Applied Sciences, Vol. 13, Pages 5163: Web Interface of NER and RE with BERT for Biomedical Text Mining
Applied Sciences doi: 10.3390/app13085163
Authors: Yeon-Ji Park Min-a Lee Geun-Je Yang Soo Jun Park Chae-Bong Sohn
The BioBERT Named Entity Recognition (NER) model is a high-performance model designed to identify both known and unknown entities.
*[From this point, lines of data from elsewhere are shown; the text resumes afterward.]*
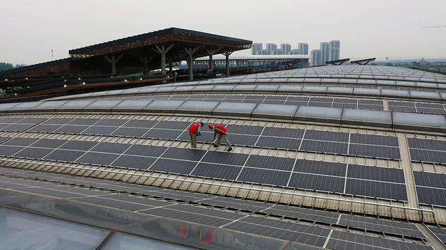 國(guó)網(wǎng)湖北電力員工檢查宜都市會(huì)展中心光伏設(shè)備運(yùn)行情況。
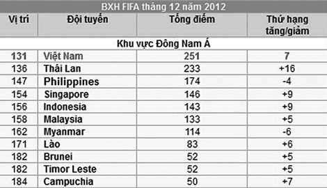Việt Nam tiếp tục giữ vững ngôi vị số 1 khu vực Đông Nam Á sau khi tăng 7 bậc trên Bảng xếp hạng tháng 12/2012. Tin từ FIFA bay về chẳng khác nào làn gió mát lành xua tan đi không khí ngột ngạt đang ngự trị ở bóng đá Việt.
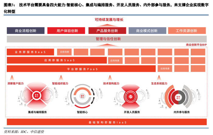 1、大中型企业数字化转型需要强大PaaS能力支撑,国内PaaS平台进入快速发展期,应用开发平台和智能化能力成为重点
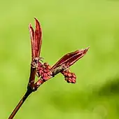 L’érable palmé possède une inflorescence de type corymbe qui fait 3 à 4 centimètres et qui est composée de 10 à 20 fleurs. Celles-ci apparaissent en même temps que les feuilles[4]. Les fleurs sont composées de 5 sépales rouge-pourpre et de 5 pétales allant du jaune pâle au blanc rosâtre. Ceux-ci sont plus petits que les sépales qui mesurent en moyenne 3 mm. La plante possède des fleurs mâles et des fleurs femelles, elle est donc monoïque.
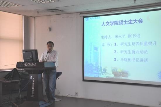 9月26日下午3点,yl6809永利官网2014届硕士毕业生于主楼E703召开了主题为提高研究生培养质量的会议。yl6809永利官网党委副书记马晓彬老师、副院长李黎明老师及副书记宋永平老师参加了此次会议。
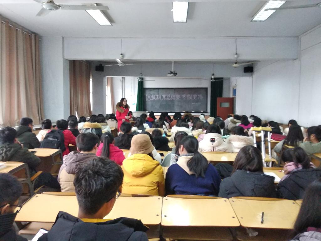 本网讯(员工记者/李霜)1月14日,公司在1号教学楼1517教室开展“2018级新生期末总结暨寒假安排”主题班会。班会由辅导员冯清主持,约100名同学参加。
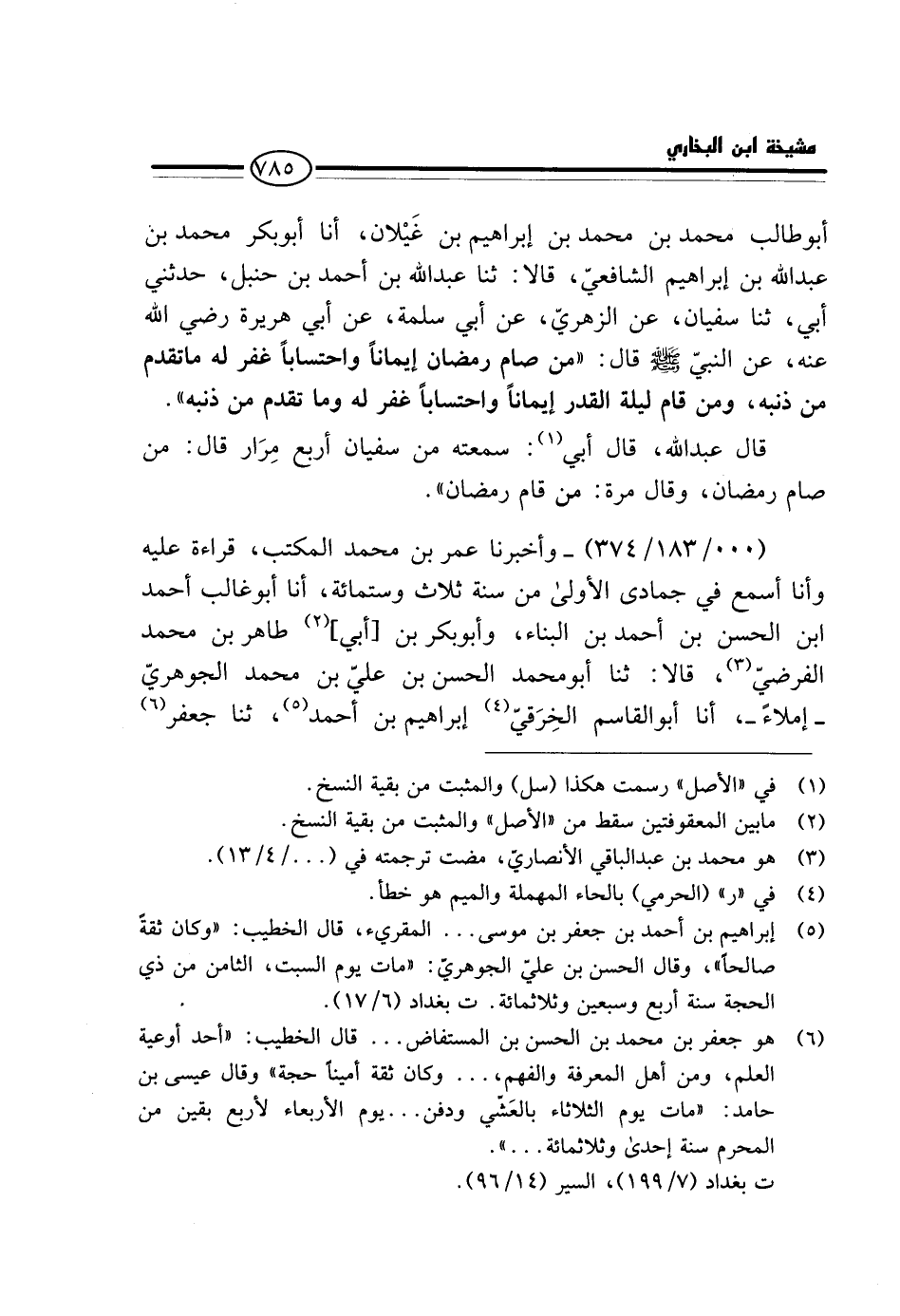 (000 / 183 / 374) - وَأَخْبَرَنَا عُمَرُ بْنُ مُحَمَّدٍ الْمُكْتِبُ، قِرَاءَةً عَلَيْهِ وَأَنَا أَسْمَعُ فِي جُمَادَى الْأُولَى مِنْ سنة ثَلَاث وسِتمِائَة، أَنا أَبُو غَالب أَحْمد ابْن الْحَسَنِ بْنِ أَحْمَدَ بْنِ الْبَنَّاءِ، وَأَبُو بَكْرِ بْنُ [أَبِي] طَاهِرِ بْنِ مُحَمَّدٍ الْفَرَضِيُّ، قَالا: ثَنَا أَبُو مُحَمَّدٍ الْحَسَنُ بْنُ عَلِيِّ بْنِ مُحَمَّدٍ الْجَوْهَرِيُّ - إِمْلاءً -، أَنا أَبُو الْقَاسِمِ الْخِرَقِيُّ إِبْرَاهِيم بن أَحْمد، ثَنَا جَعْفَر
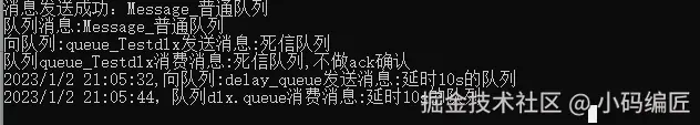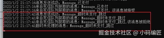Console.WriteLine($"{DateTime.Now},队列{dlxQueueName}消费消息:{message}");
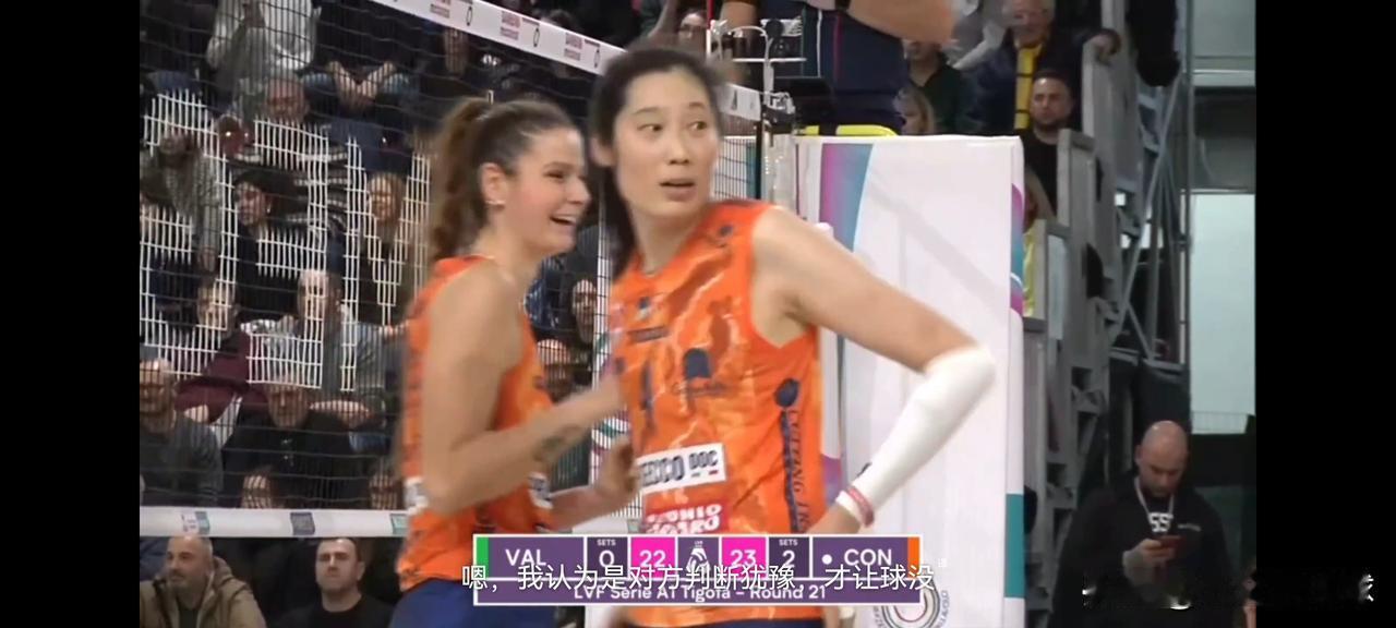 朱婷身披橙色战衣,助力科内双杀瓦莱福利亚。 原以为本场科内半主力作战,结果全主力
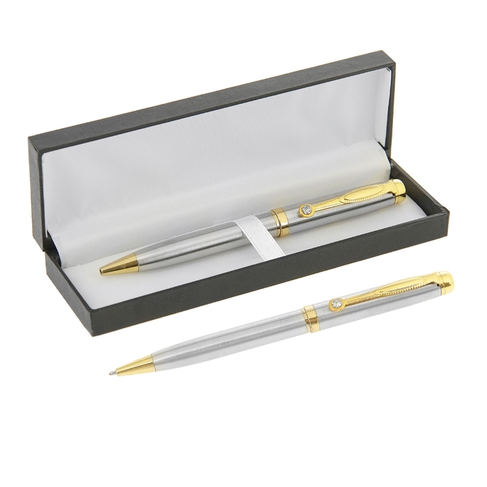 Ручка шариковая, подарочная, в кожзам футляре, поворотная, «Файт», серебристый/золотой — Характеристики
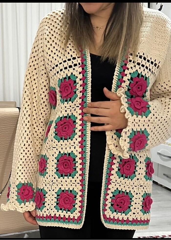 Zara model motifli el örgüsü hırka
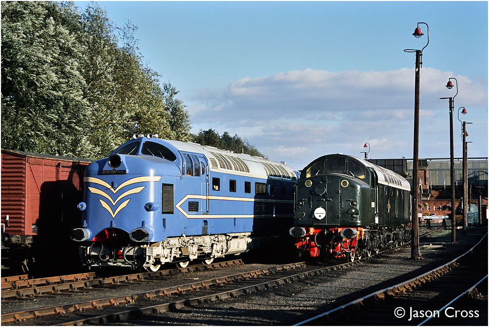 The prototype 'DELTIC' and class 40 D200 strike a 1950's pose in the yard at Barrow Hill Engine Shed during an EMRPS photo charter. Date: 3 October 2003 Manipulation Notes: None
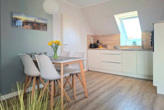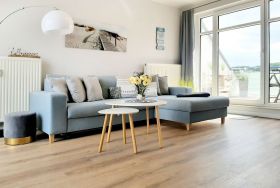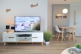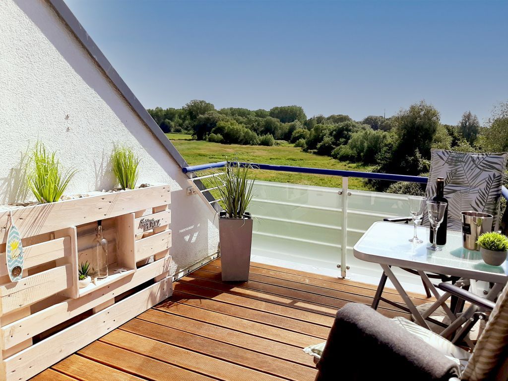 Es empfängt Sie in der 3. Etage des Hauses die hochwertig ausgestattete 2- Zimmer Ferienwohnung Haffblick 16. Das renovierte Appartement verwöhnt mit zwei saisonal möblierten Balkonen, von denen einer in Richtung Süd-/West den Blick über die Salzwiesen bietet. Die geräumige Wohnfläche beträgt 54qm und ist ideal für eine Belegung für maximal drei Personen. Komfortabel möbliert lädt der moderne Wohn-Essbereich zu einem erholsamen Urlaub ein. Ein bequemes Sofa, welches in ein Schlafsofa umgewandelt werden kann, ermöglicht Ihnen einen Schlafplatz für eine dritte Person. Zudem lädt ein Esstisch zu gemeinsamen Mahlzeiten ein, die Sie zuvor in der bestens ausgestatteten Wohnküche zubereitet haben. Moderne Unterhaltungselektronik mit Smart- TV, Sky-Empfang, DVD- Player und Musikanlage sowie kostenfreie WLAN-Nutzung sind selbstverständlich vorhanden. In dem geräumigen Schlafzimmer mit Doppelbett und Kleiderschrank verbringen Sie entspannte Nächte. Zugehörig ist ein innenliegendes Duschbad mit Waschtisch und WC. Für Ihren PKW ist direkt an der Residenz Haffblick ein gebührenfreier Außenstellplatz reserviert. Bitte beachten Sie, dass es sich eine Wohneinheit handelt, in der Haustiere nicht gestattet sind. Rauchen ist nicht erlaubt. Allen Hausgästen stehen Waschmaschine und Wäschetrockner gegen Gebühr zur Verfügung. Für mitgebrachte Fahrräder gibt es abschließbare Unterstellmöglichkeiten. Sie wohnen nur wenige Gehminuten zum Naturschutzgebiet Tarnewitzer Urwald und erreichen in Kürze das Ortszentrum von Boltenhagen. Auf Wunsch können Sie gegen Gebühr Bettwäsche sowie Handtücher hinzu buchen.

It surpasses previous NER models utilized by text-mining tools, such as tmTool and ezTag, in effectively discovering novel entities. In previous studies, the Biomedical Entity Recognition and Multi-Type Normalization Tool (BERN) employed this model to identify words that represent specific names, discern the type of the word, and implement it on a web page to offer NER service. However, we aimed to offer a web service that includes Relation Extraction (RE), a task determining the relation between entity pairs within a sentence. First, just like BERN, we fine-tuned the BioBERT NER model within the biomedical domain to recognize new entities. We identified two categories: diseases and genes/proteins. Additionally, we fine-tuned the BioBERT RE model to determine the presence or absence of a relation between the identified gene–disease entity pairs. The NER and RE results are displayed on a web page using the Django web framework. NER results are presented in distinct colors, and RE results are visualized as graphs in NetworkX and Cytoscape, allowing users to interact with the graphs.